The next is register. For registers you find that there is one write input data to the registers and this write data input to the register will be used from the data memory output. When the instruction that is executed is a load word instruction or this can also be from the output of the ALU, when the instruction that is to be executed is an R type instruction. So that says that to this input, again I have to have a multiplexer. The multiplexer output will provide the write data to these set of registers. One of these multiplexer inputs will come from the memory data register and this path will be used when you perform a load word instruction, execute a load word instruction and the other input to this multiplexer will come from the ALU out. This path will be used when the instruction to be executed is an R type instruction like add instruction. So I put this ALU out to the other input of this multiplexer. Not only that this ALU also computes the program counter value.

For calculation of the next instruction address, for calculation of the jump address all those things this ALU computes the next program counter value. So the other input of this first multiplexer will also come from the same ALU output. Is it okay? Anything else is left? That is the write data to the memory. So when I want to perform a store word operation, in case of store word the data which is read from the register file that has to come to memory. That means I have to have one memory data input from one of the registers. So that completes the entire data path of this CPU where we have been able to avoid duplication of the data units.

In this case all these are multiplexers, this is a multiplexer, this is also a multiplexer, this is also a multiplexer. Now when we have done this design, you will find that this particular design… One more path that I have missed that is loading the program counter value. The program counter input has to come from the ALU output. So this completes the entire data path design of the CPU. Now this CPU as we said that in our earlier case, the basic design was suitable even for a single clock period execution. Every instruction could be executed in a single clock period in this basic design.

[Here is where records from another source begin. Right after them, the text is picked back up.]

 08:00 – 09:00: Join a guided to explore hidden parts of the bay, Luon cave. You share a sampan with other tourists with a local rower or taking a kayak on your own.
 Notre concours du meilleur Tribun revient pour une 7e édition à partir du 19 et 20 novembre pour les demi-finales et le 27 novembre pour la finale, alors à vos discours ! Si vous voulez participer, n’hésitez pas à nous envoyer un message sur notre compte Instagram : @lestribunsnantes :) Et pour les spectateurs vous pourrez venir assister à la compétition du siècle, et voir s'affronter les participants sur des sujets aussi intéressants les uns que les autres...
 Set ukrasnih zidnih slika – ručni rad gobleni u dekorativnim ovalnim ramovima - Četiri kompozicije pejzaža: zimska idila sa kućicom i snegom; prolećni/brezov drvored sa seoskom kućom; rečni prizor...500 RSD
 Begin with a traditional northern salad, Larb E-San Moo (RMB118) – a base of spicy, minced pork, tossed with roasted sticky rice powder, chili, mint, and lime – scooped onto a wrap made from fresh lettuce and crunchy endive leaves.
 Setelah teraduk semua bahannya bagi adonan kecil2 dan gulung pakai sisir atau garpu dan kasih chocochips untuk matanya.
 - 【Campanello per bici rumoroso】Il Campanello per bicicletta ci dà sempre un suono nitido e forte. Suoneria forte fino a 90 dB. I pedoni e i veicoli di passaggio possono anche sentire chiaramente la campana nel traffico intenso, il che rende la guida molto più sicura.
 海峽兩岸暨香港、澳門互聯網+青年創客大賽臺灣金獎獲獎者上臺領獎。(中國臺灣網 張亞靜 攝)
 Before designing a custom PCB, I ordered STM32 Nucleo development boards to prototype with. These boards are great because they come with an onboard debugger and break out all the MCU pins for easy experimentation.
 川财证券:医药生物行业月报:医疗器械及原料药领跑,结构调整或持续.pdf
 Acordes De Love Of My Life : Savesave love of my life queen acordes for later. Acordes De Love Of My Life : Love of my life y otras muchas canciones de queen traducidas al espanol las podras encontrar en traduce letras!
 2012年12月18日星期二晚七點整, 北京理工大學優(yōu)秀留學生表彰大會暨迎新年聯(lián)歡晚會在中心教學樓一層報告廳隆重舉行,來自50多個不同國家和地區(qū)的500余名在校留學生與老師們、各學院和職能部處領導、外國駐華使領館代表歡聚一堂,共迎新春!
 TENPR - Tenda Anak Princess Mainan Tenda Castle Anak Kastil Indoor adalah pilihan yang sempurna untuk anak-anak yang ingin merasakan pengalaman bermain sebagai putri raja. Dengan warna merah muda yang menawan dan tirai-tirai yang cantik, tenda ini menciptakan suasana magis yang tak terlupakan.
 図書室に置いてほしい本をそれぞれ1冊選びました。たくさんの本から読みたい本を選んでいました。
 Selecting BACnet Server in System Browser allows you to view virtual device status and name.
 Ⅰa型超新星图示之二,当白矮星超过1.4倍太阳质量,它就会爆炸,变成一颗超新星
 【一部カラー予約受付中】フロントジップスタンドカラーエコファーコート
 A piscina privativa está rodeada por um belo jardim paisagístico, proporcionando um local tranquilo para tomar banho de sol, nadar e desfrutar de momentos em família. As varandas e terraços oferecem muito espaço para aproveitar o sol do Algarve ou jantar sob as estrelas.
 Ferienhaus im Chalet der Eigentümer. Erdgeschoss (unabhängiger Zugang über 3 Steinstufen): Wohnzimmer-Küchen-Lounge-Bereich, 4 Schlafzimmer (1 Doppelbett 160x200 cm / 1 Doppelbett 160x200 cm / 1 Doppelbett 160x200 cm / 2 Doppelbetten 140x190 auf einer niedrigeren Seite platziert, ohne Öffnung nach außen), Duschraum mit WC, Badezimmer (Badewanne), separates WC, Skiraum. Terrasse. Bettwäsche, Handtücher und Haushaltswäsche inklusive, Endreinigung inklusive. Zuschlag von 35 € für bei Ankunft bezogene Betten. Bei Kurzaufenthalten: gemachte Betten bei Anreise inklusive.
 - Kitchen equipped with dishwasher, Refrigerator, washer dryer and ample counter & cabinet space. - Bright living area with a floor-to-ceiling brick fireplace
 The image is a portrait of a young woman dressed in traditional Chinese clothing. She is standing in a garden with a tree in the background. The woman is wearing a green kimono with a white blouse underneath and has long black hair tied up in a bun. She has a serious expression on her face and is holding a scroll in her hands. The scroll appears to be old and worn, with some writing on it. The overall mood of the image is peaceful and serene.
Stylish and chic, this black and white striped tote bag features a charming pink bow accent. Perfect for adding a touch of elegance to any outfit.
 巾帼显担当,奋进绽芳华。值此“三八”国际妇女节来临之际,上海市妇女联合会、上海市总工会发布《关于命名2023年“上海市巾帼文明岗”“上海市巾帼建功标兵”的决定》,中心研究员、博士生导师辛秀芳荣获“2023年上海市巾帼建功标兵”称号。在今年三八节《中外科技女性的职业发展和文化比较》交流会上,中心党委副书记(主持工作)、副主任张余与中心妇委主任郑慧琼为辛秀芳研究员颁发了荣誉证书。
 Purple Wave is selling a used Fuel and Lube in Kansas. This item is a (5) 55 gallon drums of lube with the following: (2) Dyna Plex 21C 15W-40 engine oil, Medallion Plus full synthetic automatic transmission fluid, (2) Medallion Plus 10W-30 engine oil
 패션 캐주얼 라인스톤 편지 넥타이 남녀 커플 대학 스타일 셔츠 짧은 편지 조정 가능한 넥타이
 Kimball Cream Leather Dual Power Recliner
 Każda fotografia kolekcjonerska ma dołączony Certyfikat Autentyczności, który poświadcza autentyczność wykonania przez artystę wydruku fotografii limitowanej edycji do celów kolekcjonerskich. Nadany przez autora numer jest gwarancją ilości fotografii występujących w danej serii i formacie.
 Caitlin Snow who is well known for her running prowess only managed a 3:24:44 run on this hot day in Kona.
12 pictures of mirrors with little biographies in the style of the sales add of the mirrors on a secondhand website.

When we convert this design to this design, now we can make use of multiple clock periods to execute an instruction. What is the advantage we gain? That is even the instructions which require shorter delay that can be incorporated. So the CPU will be more efficient. Of course the sequence in which the operations are to be done that has to be decided by the control unit which I have not shown in this diagram. So it is quite obvious that this instruction register output will go to an instruction decoder. The instruction decoder output goes to a timing and control circuit and the timing and control circuit will generate the required control signals to execute any instruction in proper sequence. What are the control signals that will be needed? Load program counter, read memory, write memory, load instruction register, load memory data register, then write register. Then you need control signals for load A or load B, you need the control signals for ALU function. You need the control signals for latching ALU output into this ALU out register. You also need control signals for the select inputs of the multiplexers.
So all these control signals in the required sequence will now be generated by the timing and control unit. The timing and control unit will generate those control signals after it gets the input from an instruction decoder, the instruction decoder will get input from the instruction register. So that part I am not showing in the diagram. Why the output of B going to M? Yeah, this is for store word instruction. What is the operation that we have to perform in case of store word?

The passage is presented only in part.